As an ex scrapper I’ve hauled some decent loads. Once I hauled a early eighties full size wagon and sedan stacked two high, with the wagons roof crushed down with my 86 Burbank half ton and a 18 foot long tandem equipment trailer. The weight was 4.17 ton and it was all the old 6.2 diesel could do to back that load up my drive way.
Most dangerous match: a heap of (wet) sand in the toy single axle Fisher-Price trailer of the DIY-contractor. Or concrete tiles, another natural born overloader given the car and trailer they’re using to haul them.
Back a few years ago I had a 1984 Nissan 4×4 pickup and needed some gravel for my driveway. At the gravel yard the truck weighed 3400lbs so it being a 1/2 ton truck I had the front-load operator fill the bed with a peaked load that looked about 1000lbs. Tires did look a little bulgy but was really surprised when the scale readout showed 6800 lbs on it, so the truck had it’s own weight in the back. Not having a shovel with me I decided to drive it home, altho getting up the hill from the yard did require some clutch slipping. On the highway it was all over the road and took a block to stop at the next light. I had a 7+ mile drive thru two towns and was gripping the wheel till my fingers turned blue and was hoping nobody pulled out in front of me. It made it but after that I was a little more conservative on my loading. I tell you gravel is some heavy stuff.
Know the feeling,I worked for a landscape gardener when home for summer from University.I remember sailing through a red light in a Ford Cortina estate loaded with tools,4 passengers and a single axle trailer well overloaded,fortunately without any other cars or traffic cops about.
When I was a kid we had a homemade utility trailer. Upon arrival it had a 67-72 Chevy fleetside 8′ bed, a Willys pickup frame, and a Chevy rear axle of unknown origin. My old man removed the box and built a wood bed for it, which was designed to haul our jon boat or dirtbikes equally well.
I was probably six, and my brother was three, when we moved into town. Our homemade sandbox also came along – an elaborate wooden affair with no bottom, but a full covered peaked roof, a “dash” with a mid-70s Chevy steering wheel, four seats at the four corners, and everything else two kids needed to dream up a backyard adventure.
Upon arriving at the new place, the sandbox was in need of sand. So we took the trailer up to the lake (maybe 30 miles away) and loaded it up with what seemed a reasonable amount of sand, scooped five gallons at a time and carried up from the beach. It was perhaps 150 gallons’ worth at the absolute worst.
Still, that was enough to be trouble. The poor old axle underneath just wasn’t having any of it after the first ten or so miles. We had to keep stopping and letting the bearings cool every couple miles.

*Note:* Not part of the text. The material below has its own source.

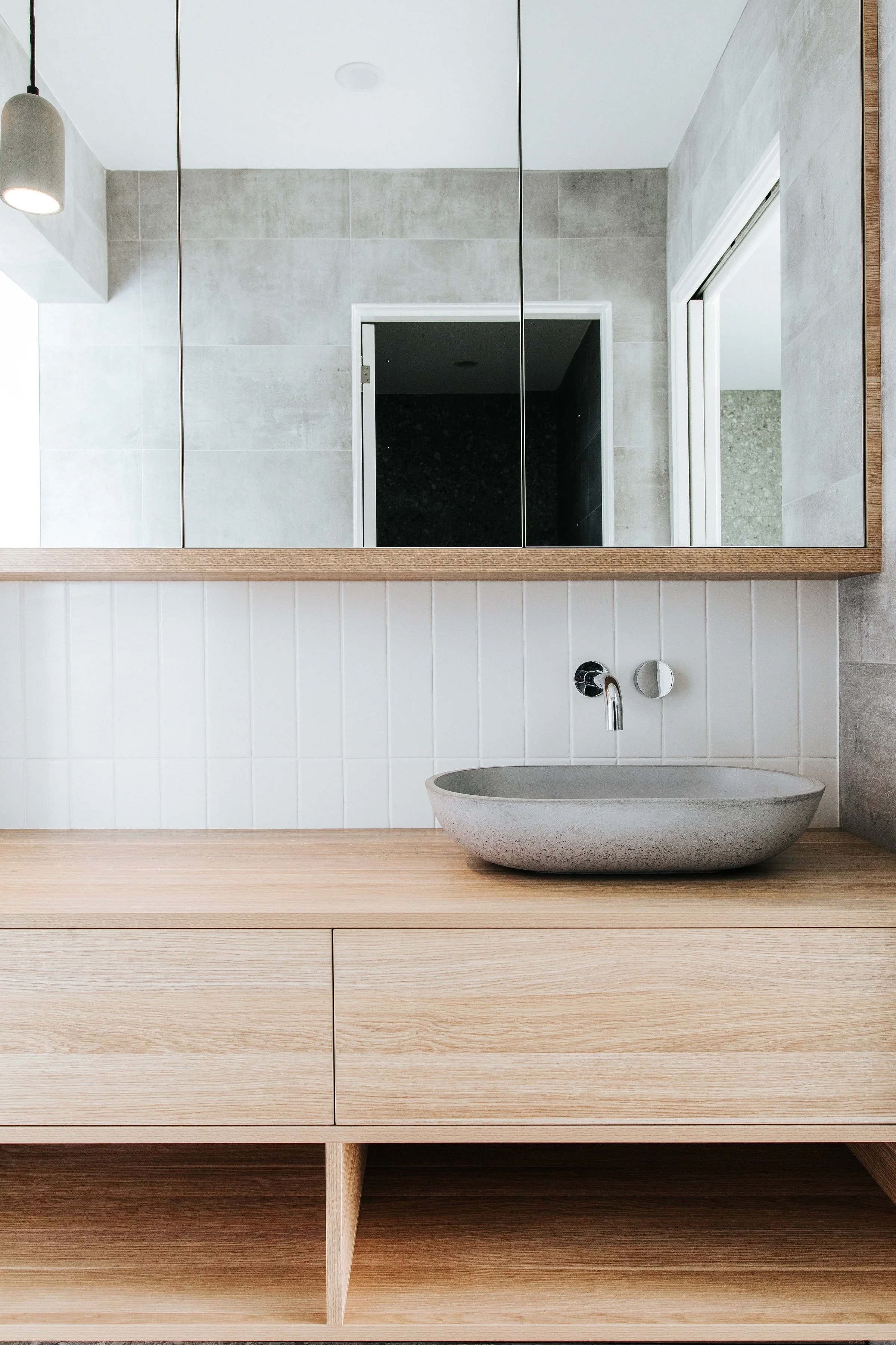 Interior finishes are a continuation of the exterior, selected by the client to be durable and stand up to the rigours of family life.

After finally making it home, the trailer immediately got “upgraded” with a rear axle from some ’80s Mopar minivan – which continues fulfilling its purpose to this day.
The family business is tile, granite, marble, that sorta thing. Heavy goods that need beefy trucks. Back in the early 70′s I needed to haul materials to a job site and planned on making 3 trips. 2 for the goods and a 1 trip to haul tools. Dad says “hell no, you do it all in one load’. The beast of burden was a 1964 Dodge 3/4 ton pickup with a camper suspension package and a granny gear 4 speed manual. I looked like a refuge from Afghanistan rollin’ down the road. The 318 strained mightily under the load. Halfway through the 30 mile trip the aroma of slipping clutch filled the cab. I had to be careful coming off of stop lights because the a$$ end was so heavy the front wheels would come off the ground. I don’t think I got over 20mph that trip,not just due to the load, but I didn’t want anything to fall off, or, heaven forbid, tip over. By the time I pulled up, my old man was waiting , already pissed off because I took so long to get there. He beat me there, but then again, in those days he was driving a Lincoln Continental Mark III. We abused the hell outta that old truck. Changed the oil about once every 10,000 miles. Kept air in the tires and gas in the tank. That’s all the love that thing got.
My other overload stories involve escapades in aircraft, so that’s for another website.